28. Le Comité estime que de nouveaux efforts s'imposent pour faire en sorte que les principes généraux de la Convention, en particulier la "non-discrimination" (art. 2), l'"intérêt supérieur de l'enfant" (art. 3) et le "respect des opinions de l'enfant" (art. 12), non seulement servent à orienter la formulation des politiques et la prise des décisions mais soient en outre pris en compte de manière appropriée dans toutes les décisions judiciaires et administratives ainsi que dans la définition et l'exécution de tous les projets et programmes ayant des incidences sur les enfants.

29. Afin de protéger pleinement les droits des enfants nés par accouchement anonyme (sous x), le Comité recommande que l'Etat partie prenne toutes les mesures voulues pour assurer la pleine application des dispositions de l'article 7, en particulier le droit de l'enfant à connaître ses parents, eu égard aux principes de "non-discrimination" (art. 2) et d'"intérêt supérieur de l'enfant" (art. 3).

30. Compte tenu de l'article 17 de la Convention, le Comité recommande que l'Etat partie prenne toutes les mesures d'ordre juridique et autres voulues pour protéger les enfants contre toute exposition à la violence et à la pornographie par le canal de cassettes vidéo et d'autres médias modernes, y compris le réseau Internet. Le Comité recommande également que l'Etat partie poursuive ses efforts en vue de l'adoption d'une législation interdisant effectivement la possession de matériel pornographique mettant en scène des enfants. Une coopération bilatérale devrait être engagée avec les pays voisins à cet effet.

31. Compte tenu des articles 3, 19 et 28.2, le Comité recommande que la loi interdise expressément les châtiments corporels au sein de la famille et dans les structures d'accueil.

32. Le Comité encourage l'Etat partie à prendre toutes les mesures voulues, y compris d'ordre législatif, pour donner à tout enfant placé dans un type ou un autre d'établissement la garantie de tous les droits qui lui sont reconnus par la Convention, en particulier le droit à un réexamen périodique du placement. Le Comité recommande également que l'Etat partie se dote d'un mécanisme de surveillance des établissements d'accueil et autres types d'établissements. Une attention particulière devrait être accordée à la surveillance des enfants placés dans des établissements étrangers, faute de connaissances spécialisées ou d'installations appropriées dans l'Etat partie. A cet égard, le Comité recommande de réaliser une étude visant à déterminer les effets du placement d'enfants dans des pays voisins.

33. Le Comité recommande que l'Etat partie mette pleinement en conformité sa législation, ses procédures, ses politiques et pratiques avec les dispositions de l'article 21 de la Convention. Il encourage l'Etat partie à étudier la possibilité de ratifier la Convention de La Haye de 1993 sur la protection des enfants et la coopération en matière d'adoption internationale.

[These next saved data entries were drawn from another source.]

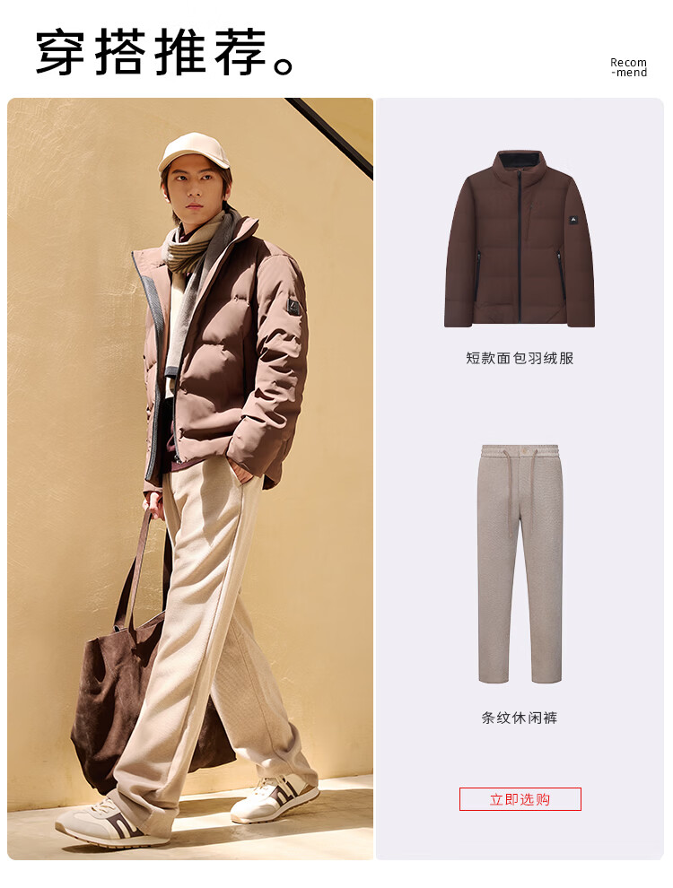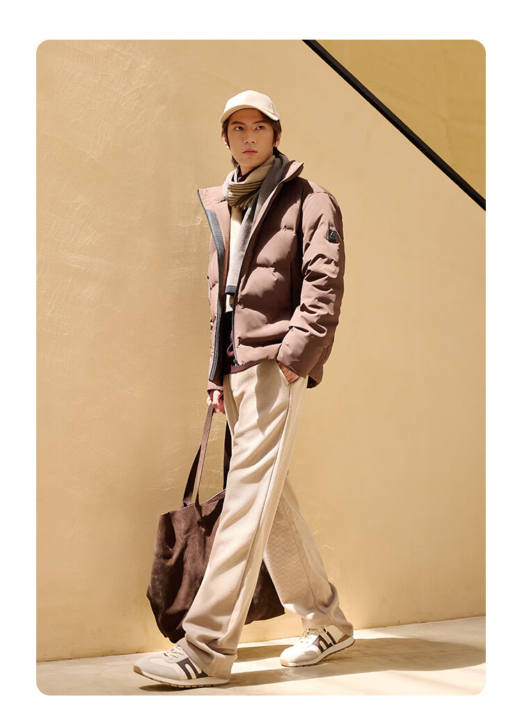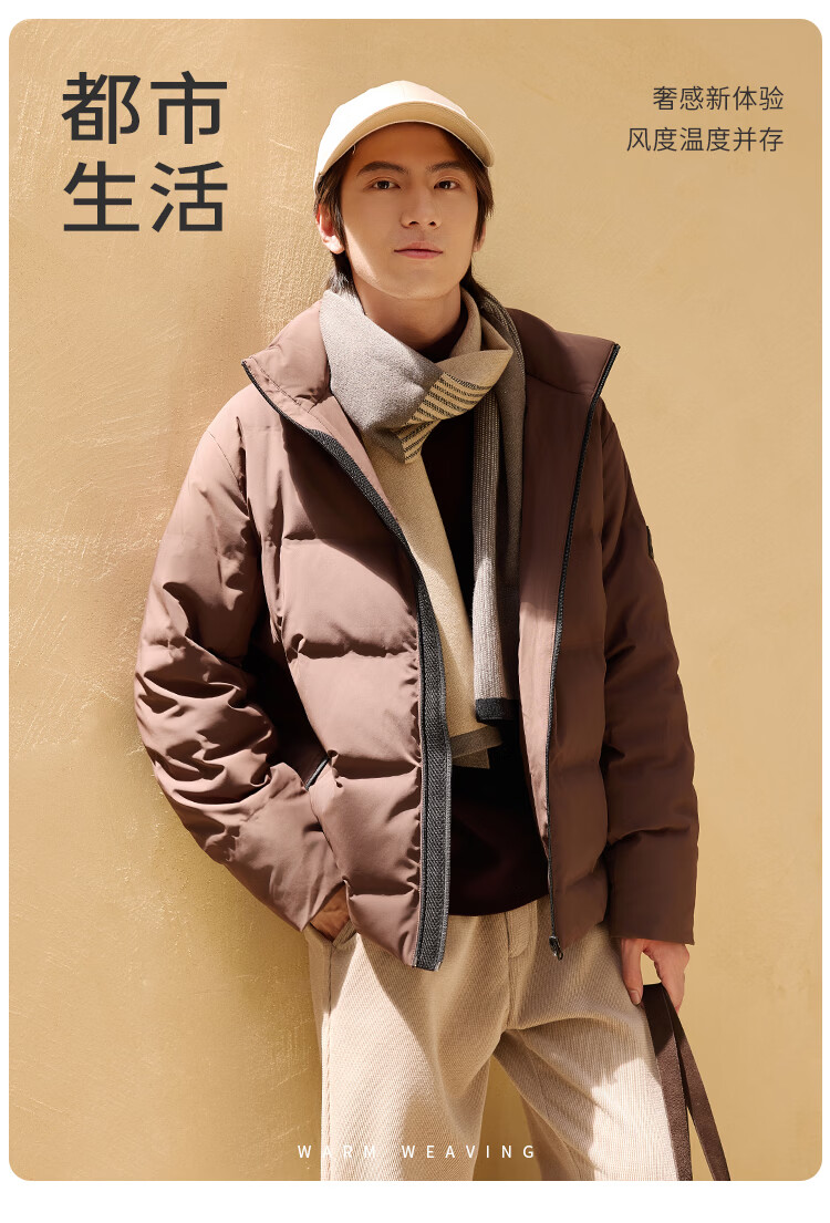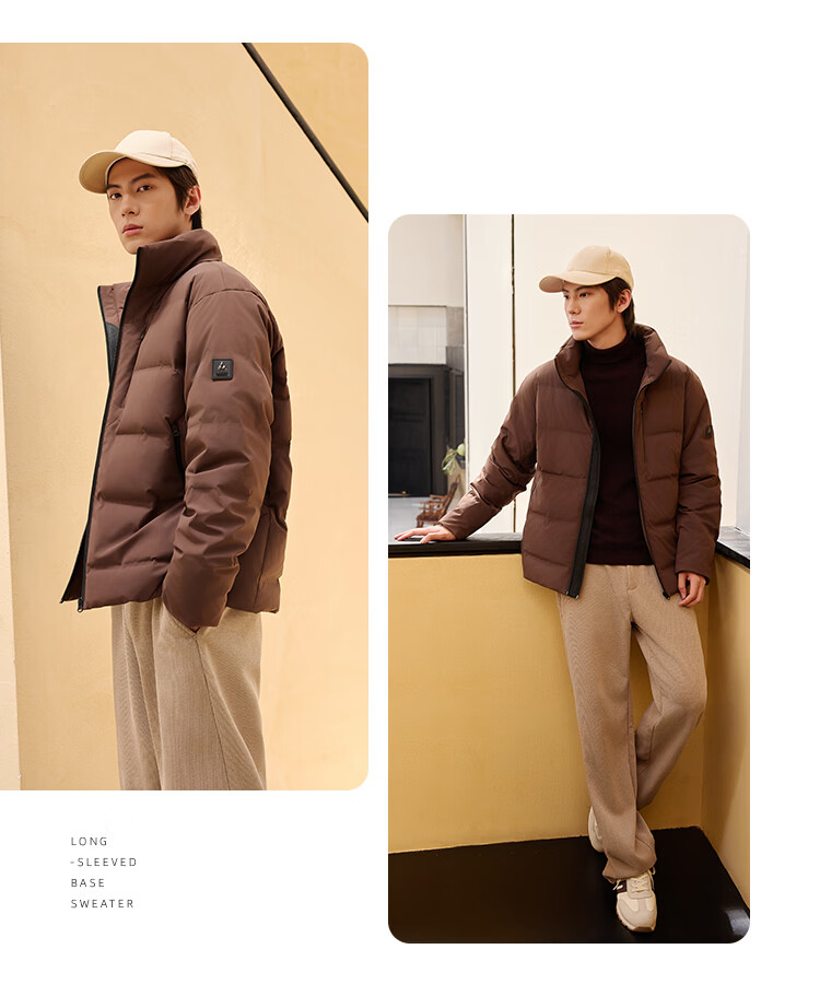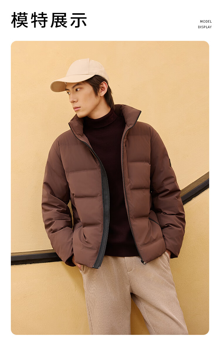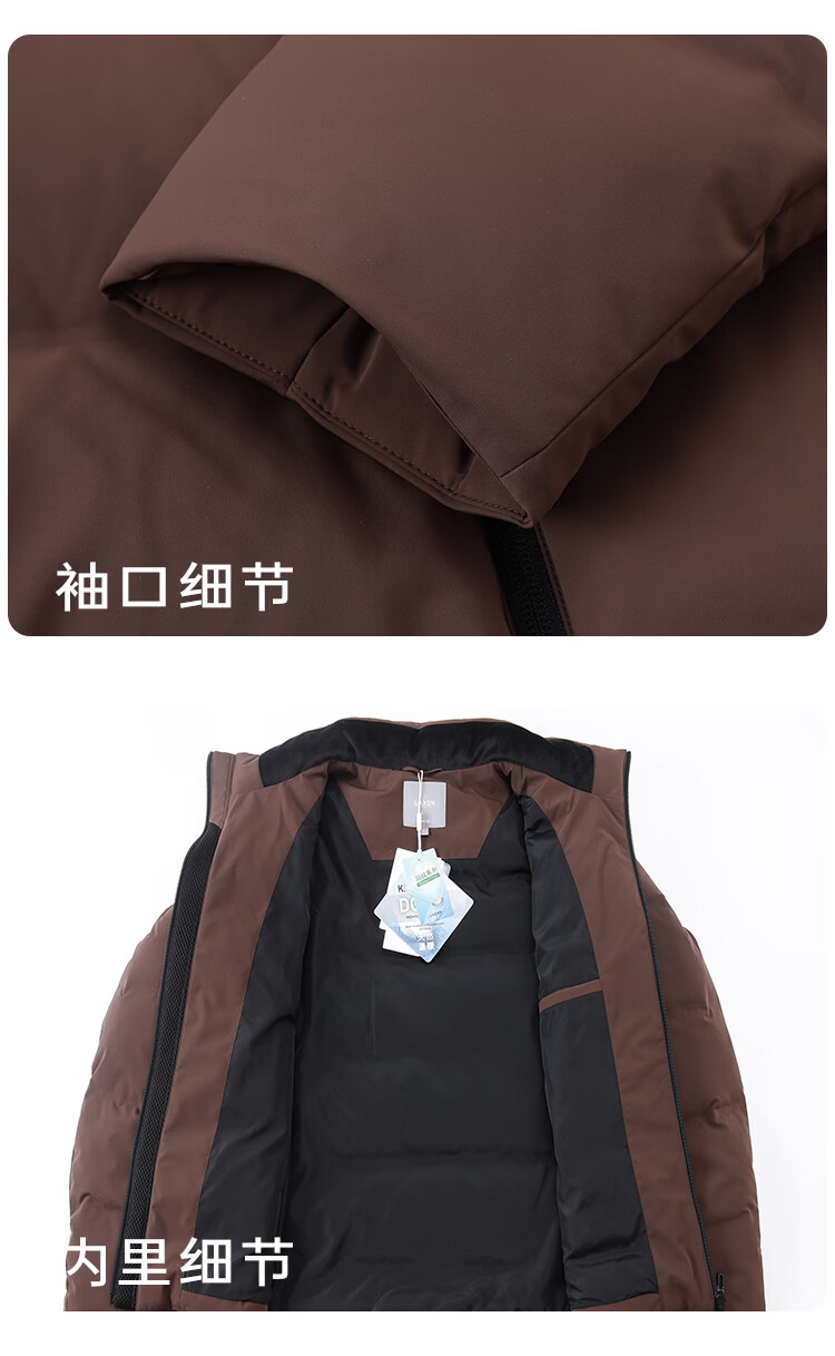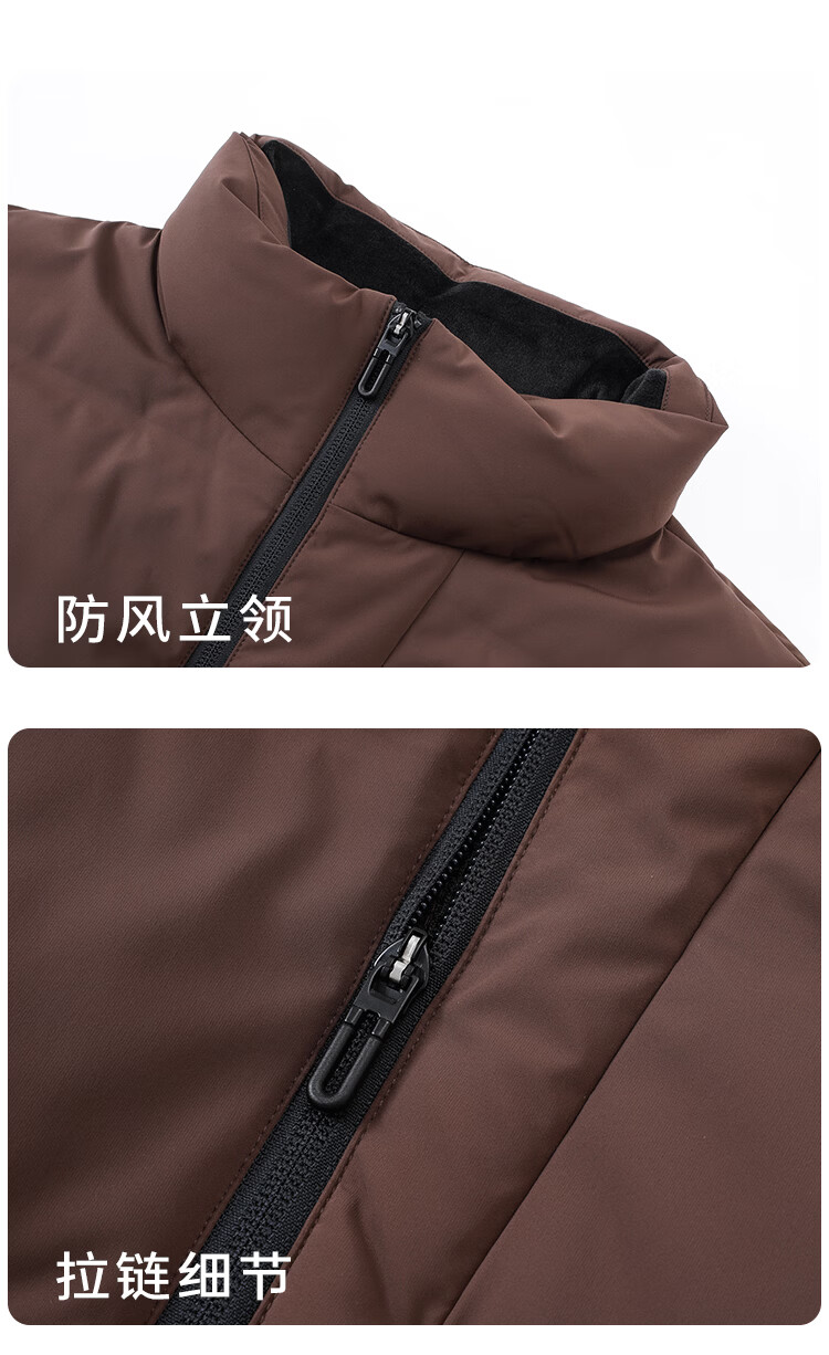 莱克斯顿羽绒服男【商场同款】男装防污蓄热保暖立领短款休闲百搭外套男 深咖啡 S
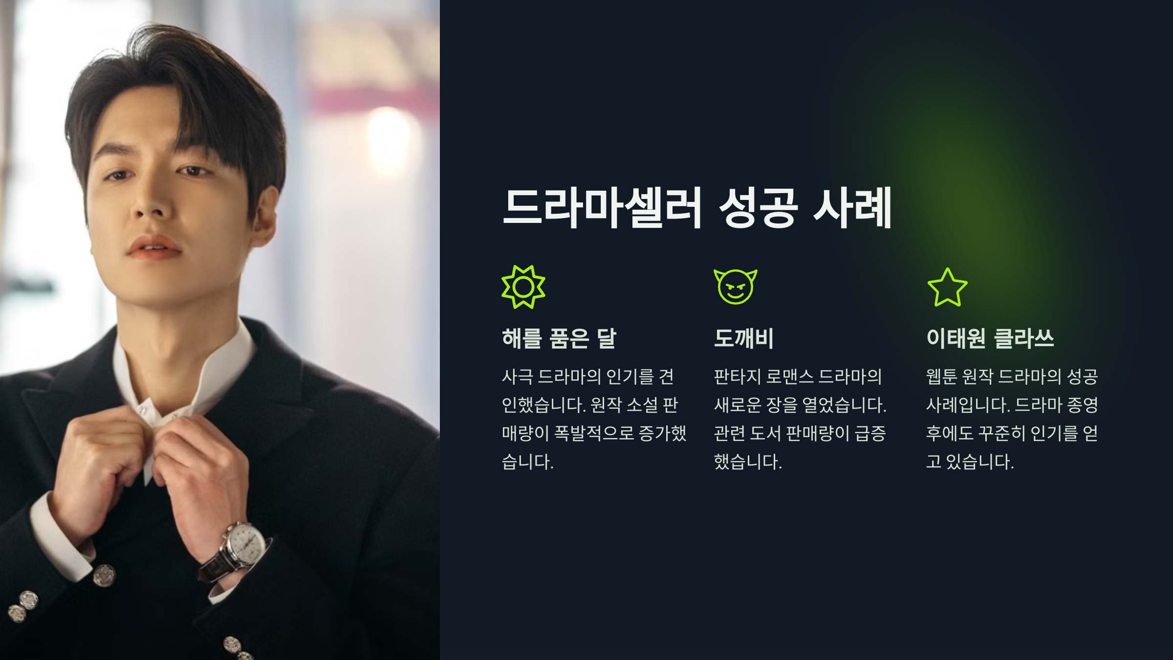 | 📖 웹소설·웹툰 원작 증가 | 드라마 ‘김비서가 왜 그럴까’, ‘재벌집 막내아들’처럼 웹소설 기반 작품이 많아졌어요. |
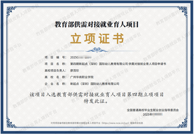教育部供需对接就业育人项目自2021 年启动,旨在推动高校人才培养与产业需求紧密衔接,实现就业与培养的有机联动。第四期项目聚焦重点领域人才供需,涵盖就业实习基地、定向培养等多种类型。广州华商职业学院教育学院此次脱颖而出,正是其在学前教育、艺术教育领域专业实力的有力证明,也是学院“教、学、做一体化”教学模式创新成果的集中体现。
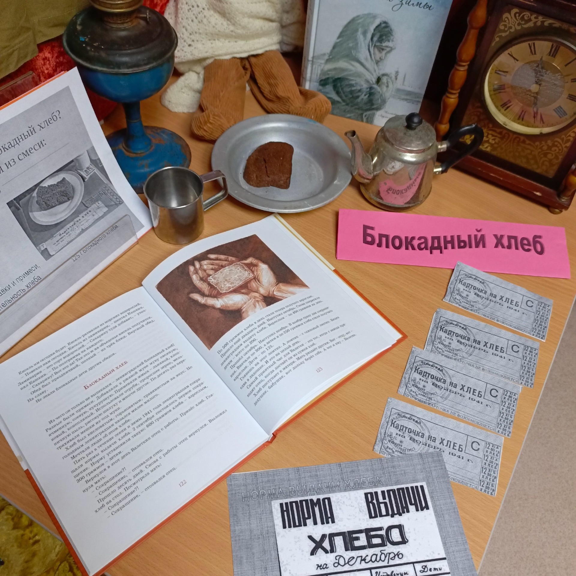 Ребятам показали видео ролики о жизни ленинградцев в годы блокады. Рассказали о тяжёлых испытаниях, выпавших на долю жителей осаждённого города: о холоде и голоде, о детях и жителях, работавших наравне с мужчинами на заводах, о защите и обороне Ленинграда советскими солдатами, о том с каким трудом и потерями Ленинград выстоял в те годы.
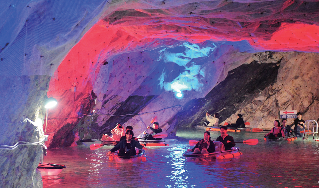 광산에 다시 사람이 모여든 것은 2019년. ‘활옥동굴’이라는 이름으로 새단장을 한 이곳에는 활석을 캐던 광부 대신 동굴을 탐험하기 위한 관광객들의 발걸음이 이어지고 있다. 활옥동굴은 전체 길이 57km에 달하는 갱도 중 약 2.3km 구간을 정비하여 조성한 체험형 테마파크이며, 옛 광산사업소 사무실은 식당으로, 활석 제분공장은 카페로 바뀌었으며 이밖에 수경재배 빛조형물 전시, 수경재배, 와인 저장고 등 10개가 넘는 체험공간이 마련되어 있다.
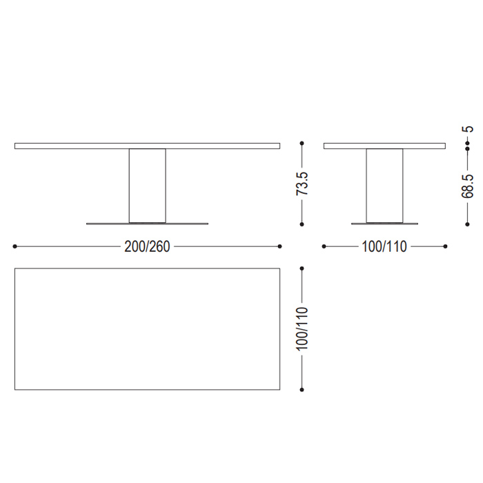 Mesa realizada íntegramente en madera maciza, con 1 pie central compuesto por listones encolados y vacía por dentro, sobre una base de hierro natural con laca transparente.
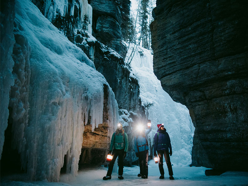 Hiking is replaced with snowshoeing or ice walks, and there are endless trails for both! Jasper's Maligne Canyon is the deepest in all of Jasper National Park, and while it's full of rushing water in the summer months it freezes over entirely in winter. Join a guided Ice Walk and walk directly along the canyon's frozen floor, or try your hand at ice climbing up frozen waterfalls for an experience like no other.
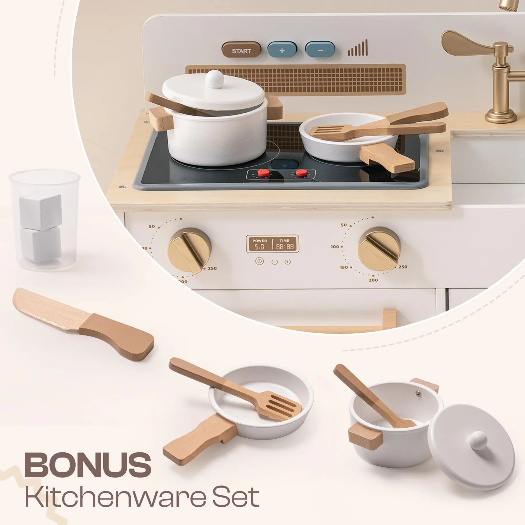 Functional-Play-Kitchen: Eleva il tempo di gioco con la nostra Cucina Giocattolo in Legno ispirata al Montessori! Design bianco chic, maniglie in legno e un rubinetto in metallo lucido trasportano tuo figlio in un mondo di creatività. Il fornello, con luci e suoni, porta la gioia della cucina alla vita. Inoltre, un produttore di ghiaccio integrato aggiunge un tocco fresco per un gioco immaginativo senza fine!
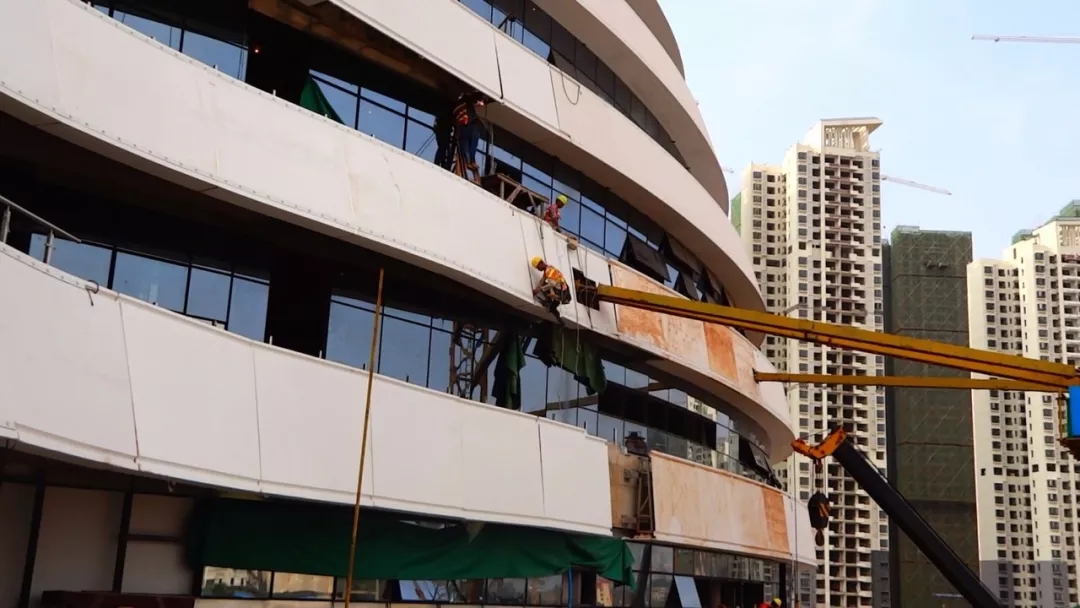 青龍公司作為國內(nèi)GRC領(lǐng)域的知名企業(yè),承接了新媒體中心三座主體結(jié)構(gòu)的雙曲面外墻板項目。由于所有的面板沒有一片完全相同,不僅要經(jīng)受高空風(fēng)雨的侵蝕,相鄰兩塊更要緊密榫合,天衣無縫,并在整體上形成流線性美感,因此需要制作大量的模具,工程極為繁瑣。但青龍GRC團隊克服重重困難,從圖紙深化設(shè)計、彩色GRC選材、造型產(chǎn)品生產(chǎn)到安裝施工等一系列工序中都做到極致,讓甲方和監(jiān)理都非常滿意。
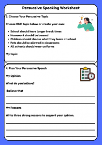 Discover the exciting world of Persuasive Speaking Worksheet designed for Year 5–6 students! This engaging resource allows kids aged 9–11 to unleash their creativity and enhance their communication skills. They'll love sharing their opinions and learning how to convince others in a fun and interactive way. By practicing persuasive speaking, children gain confidence and find their voice, making this a delightful addition to their primary English experience!

34. En ce qui concerne les droits des enfants handicapés, compte tenu notamment des dispositions de l'article 23 de la Convention, le Comité encourage l'Etat partie à prendre toutes les mesures voulues pour mettre en oeuvre dans son intégralité la loi de 1994 sur l'intégration scolaire.

35. Le Comité encourage l'Etat partie à incorporer un enseignement spécifique relatif aux droits de l'homme, y compris aux droits de l'enfant, dans les programmes scolaires.

36. Le Comité recommande que l'Etat partie réalise une étude globale visant à identifier les raisons pour lesquelles le taux d'allaitement chute au-delà du premier mois après la naissance. Il recommande également d'allonger la durée du congé de maternité, d'entreprendre des efforts soutenus tendant à faire connaître au public - en particulier aux nouveaux parents - les avantages de l'allaitement, et d'adopter, au besoin, diverses autres mesures pour contrebalancer toute incidence négative sur le plan de l'emploi pour les femmes souhaitant continuer à allaiter leurs enfants plus longtemps. Enfin, le Comité recommande que l'Etat partie intensifie ses efforts visant à promouvoir le respect du Code international de commercialisation des substituts du lait maternel.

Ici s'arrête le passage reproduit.